Messerstecherei in Wittenberg? Messerstecherei in Wittenberg?: Ein Opfer, kein Täter - und jede Menge offene Fragen
Wittenberg - Läuft in Wittenberg ein messerstechender Irrer frei herum? Diesen Eindruck könnte bekommen, wer am Montagabend in Wittenberg Facebook aufruft. Ein Foto macht dort die Runde. Es zeigt den unteren Rücken einer Person, eine etwa zwölf Zentimeter lange Wunde ist darauf zu erkennen, die offenbar vor kurzem fachmännisch genäht wurde.
Der Gedanke an eine Gewaltstraftat liegt nahe: gefährliche Körperverletzung? Bei der Größe der Wunde vielleicht sogar versuchter Totschlag? Da müsste doch Himmel und Hölle in Bewegung sein, um den Übeltäter zu fassen? Ermittelt denn die Polizei? Jein. Nicht so richtig. Denn das vermeintliche Opfer einer Straftat ging noch während der Erstattung der Anzeige flüchten.
Merkwürdig ist auch, was der mutmaßliche Urheber des Fotos dazu bei Facebook schreibt. Denn Stunden bevor Jim J. zum Polizeirevier geht, postet er das Foto der langen genähten Wunde auf seinem (?) Rücken und warnt seine Mitbürger vor den „Drecks wittenberger kanacken“.
Die „Leute aus Wittenberg“ sollten aufpassen, was sie abends machen, sonst würden sie „abgestochen“ wie er selbst. Der Aufforderung, den Beitrag zu teilen, folgen weit über 100 Facebook-Nutzer.
Das Einstellen des Fotos und die Anzeigenerstattung bei der Polizei geschehen am Montagnachmittag. Die Tat selbst soll in der Nacht zum Sonnabend passiert sein. Vor der Hauptpost in Wittenberg.

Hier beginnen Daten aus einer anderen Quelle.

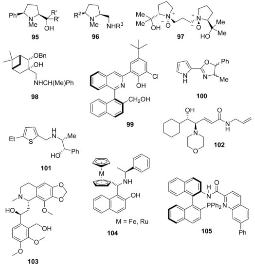 - Leśniak, S.; Rachwalski, M.; Pieczonka, A.M. Optically pure aziridinyl ligands as useful catalysts in the stereocontrolled synthesis. Curr. Org. Chem. 2014, 18, 3045–3065. [Google Scholar] [CrossRef]
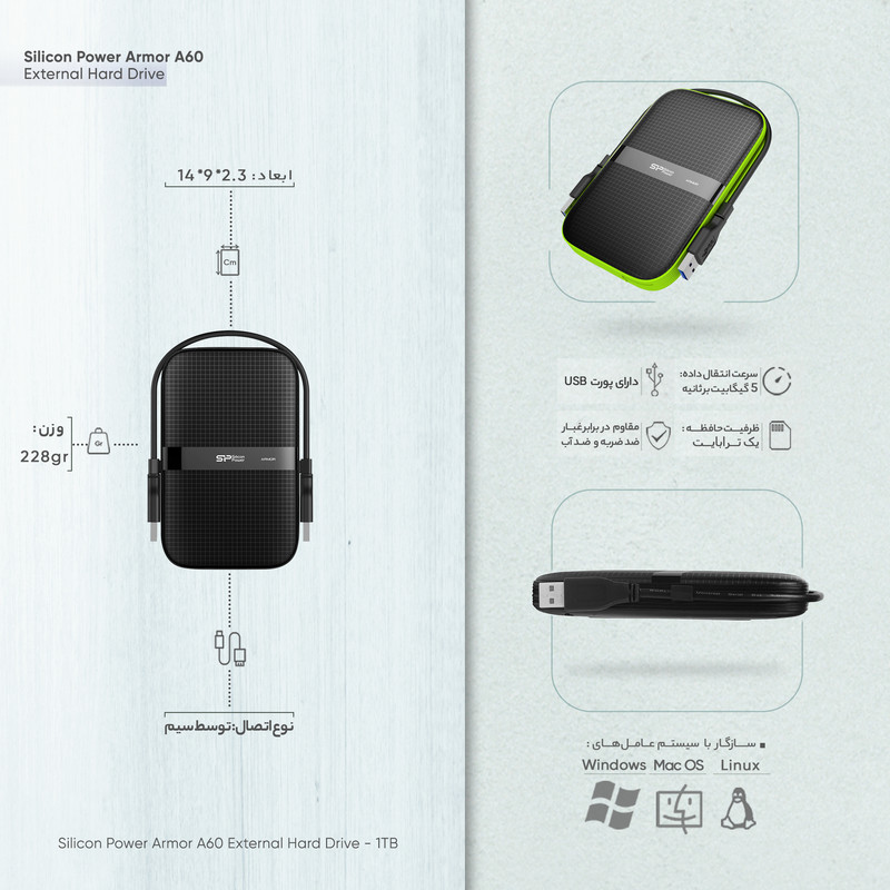 هارددیسک «A60» یکی از جدیدترین محصولات سری آرمور (Armor) ساخت شرکت سیلیکون پاور (Silicon Power) است. کمپانی سیلیکون پاور یکی از بزرگترین طراحان و سازندگان فلش مموری و هارددیسک اکسترنال در دنیا است و این سری از هارددیسکهای اکسترنال خود را با نام آرمور (Armor) به معنای زره یا ضدگلوله طراحی و تولید کرده است. البته این نامگذاری آنقدرها هم اغراقآمیز و بیدلیل نبودهاست؛ این سری از هارددیسکها در برابر آب، ضربه، گرد و غبار، فشار و لرزش مقاوم هستند. ناگفته نماند این خاصیتها در آزمایشهای مختلف کمپانی سیلیکون پاور به اثبات رسیدهاند. هارددیسک اکسترنال آرمور A60، دارای استاندارد تست سقوط آزاد ارتش آمریکا (با کد استاندارد MIL-STD) است و در مقابل سقوط تا ارتفاع 122 سانتیمتری مقاوم است. A60 دارای استاندارد IPX4 نیز هست که به معنی مقاوم بودن آن در برابر آب است. البته این هارددیسک شیک و جذاب در مقابل شوک، لغزش، خط و خش و گرد و غبار هم مقاوم است. در حال حاضر در ظرفیتهای 500 گیگابایت، 1 ترابایت و 2 ترابایت به بازار عرضه شده و در دسترس شما قرار گرفتهاست. این هارد دیسک از رابط پرسرعت USB 3.0 بهره میبرد و در عین حال، با رابط قدیمیتر USB 2.0 هم سازگاری کامل دارد. هارد دیسک A60 انرژی مورد نیاز خود را از همین رابط USB تأمین میکند و این کار را بهصورت همزمان در حال تبادل اطلاعات انجام میدهد. این هارد دیسک برای افرادی که بیشتر زمان خود را در حال حرکت هستند یا افرادی که میخواهند اطلاعات مهم خود را همیشه همراه داشته باشند و نمیخواهند نگران از بین رفتن اطلاعات بر اثر آسیب و خطرات ناگهانی باشند، بسیار مناسب است.
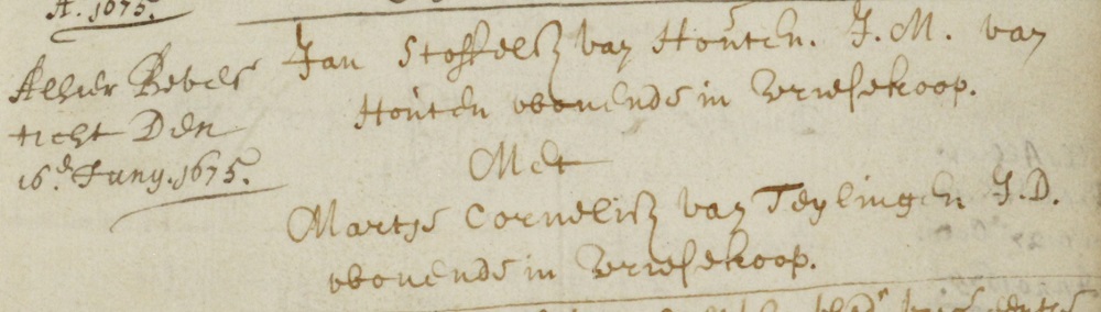 1675 - Trouwen Jan Stoffelsz van Houten (uit Houten) en Martje Cornelis van Teijlingen
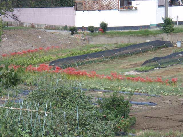彼岸花が植えられた場所は、畑の周囲や寺院が多い。
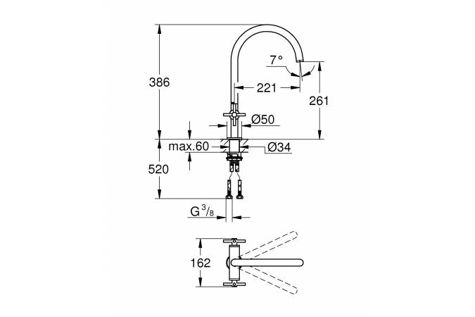 - аэратор поворотный трубкообразный излив регулируемый радиус поворота 0° / 150° / 360°

Als die Mitteldeutsche Zeitung Montagabend gegen 20 Uhr mit Jim J. ins Gespräch kommt, zeigt er sich beeindruckt, von dem medialen Interesse, welches seine Veröffentlichung erzielt hat. „Das geht ganz schön durch die Decke. 163x geteilt“, protzt er.
Doch was soll eigentlich passiert sein?
Von drei Leuten ist bei J. die Rede. Zwei seien auf der anderen Straßenseite gegangen, während ein Dritter ohne Vorwarnung von hinten ein Messer in den Rücken des Opfers gejagt habe. „Er sah für mich wie ein Ausländer aus, also wie ein Türke oder sowas“, beschreibt er den Angreifer am Montagabend gegenüber der MZ. „Aber mehr sage ich nicht“, erklärt J. mehrfach.
Die Personenbeschreibung konkretisiert er dann aber doch: „Körperbau normal, Haare kurz, vielleicht von den anderen lang. Ich weiß nicht. Mehr sage ich wirklich nicht.“
Nach dem Angriff geht J. nach Hause. Dort ruft er den Rettungsdienst an, der ihn in die Notaufnahme des Paul-Gerhardt-Stifts bringt. Nach rund einer Stunde ist die Behandlung abgeschlossen. J. verlässt das Krankenhaus. Da ist es Samstag 1 Uhr. Bis Montagnachmittag herrscht Schweigen.
Am Montag dann stürzen sich die Kommentarschreiber in den sozialen Medien dankbar auf das Foto.
Unter ihnen sind auch einige, die sich offenbar ein Szenario des messerstechenden „Kanacken“ regelrecht wünschen – und für deren Zwecke eine Aufklärung des Falles wahrscheinlich sogar eher unschön wäre: Thomas Lindemann, Mitglied im Landesvorstand der NPD, gehört zu den ersten Kommentarschreibern: „Hallo Jim, mit der Lügen- und Hetzpresse von der Mitteldeutschen Zeitung würde ich Dir nicht empfehlen zu telefonieren. Diese Refugee-Welcome-Schreiber sind mit Schuld an dem, was momentan passiert im Land bzw. mittlerweile bei einem selbst. Mit journalistischer Arbeit hat das nichts zu tun. Anzeige bei der Polizei machen, wenn nicht schon geschehen. Und erst einmal gute Besserung an dieser Stelle. Auch im Namen des NPD Kreisverband Wittenberg!“, schreibt er öffentlich unter dem Post.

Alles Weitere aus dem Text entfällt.